Aklıma ilk gelen Ankara’da ki olay oluyor. Hani şu Kadir Sevim adlı vatandaş yürürken kaldırım çöktü ve cesedine saatler sonra ulaşıldı ya! Bilir kişi raporuna göre tek suçlu O. Öldüğü için ! Önüne bakması gerekiyordu, benimde öyle tabi ki. Ne de olsa kaldırımın çökme, mazgalında kapağının olmama ihtimali var. Salak olan bizleriz. Bukalemun gibi her yeri aynı anda gören gözlerimiz olmadığı için ya da köstebek gibi yeraltında yaşamayı iyi bilmediğimizden. Maalesef yüzey için yaratılmışız, üzgünüm salağız.
“Bir garip Orhan Veli’yim” demiş ya üstad garipçiler akımının öncülerinden olarak. Ölümü de öylesine GARİP. Altmış iki yıl önce kaldırım çökmesi sonucu beyin kanamasından ölmüş. Diğer gariplik altmış iki yıldır bu ülkede hala kaldırımların çökmesi. Halbuki teknoloji çok ileride.Kullanılan malzemelerin daha iyi olması gerekiyor.Ya da malzemelerin kullanılması gerekiyor!!!
Konya’daki benzer bir olayda da 13 yaşındaki kız çocuğunun aydınlatma direği için açılan çukura üzerine hiçbir önlem alınarak kapatılmadığı için düşmesi. Evden arkadaşından ödev almak için çıkıyor çukurda, pazara yiyecek almak için çıkıyorum, yeraltındayım. Garip ama gerçek. Bir “O an” fotoğrafı çekilseydi, kim bilir yüzümde kaç çeşit duygu harmanı yakalanırdı. Belki de bendeki bunca duygunun aynı andaki yansıması yılın fotoğrafçısı ünvanını aldırtabilirdi o fotoğrafçıya.
O kadar fazla olay var ki ülkemde ciltlerce kitap olur. Barajda, inşaat çukurunda, kaldırımda, yolda, metroda, mazgalda….. Varda var.
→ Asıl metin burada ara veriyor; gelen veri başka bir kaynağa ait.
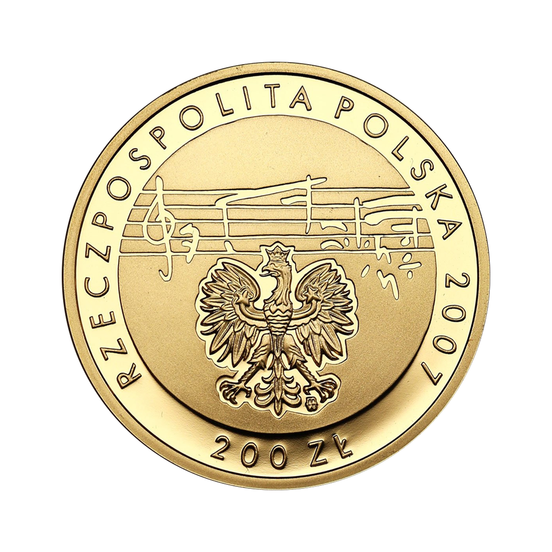 The obverse of the coin features the national emblem in the background, against which we can see a reproduction of a fragment of the original score written by Karol Szymanowski. All of its elements are presented using concave relief. The inscription "Rzeczpospolita Polska 2007" (Republic of Poland 2007) runs around the images, and the denomination "200 zł" (200 zlotys) is placed below.

Türkiye’ de iş kazalarında ölenlerin oranı yüz binde 20.5, Norveç, Danimarka gibi ülkelerde ise 1.8. Hemen o ülkelerde nüfus az diye savunma yapmayalım. Oran iki tarafta da bin kişi üzerinden.
Ankara’da ki Başsavcı Kadir Sevim olayında “Kaçınılmazlık aksi tesadüf” kararı vermiş. Ne desem bilemedim şimdi.
Yazdığım olayların hiçbiri iş kazasına girmiyor. İşte değiliz çünkü. İŞTE öylesine yaşıyoruz sadece.
Kaçınılmaz aksi bir tesadüfün olmadığı günler, pardon pazarlar diliyorum.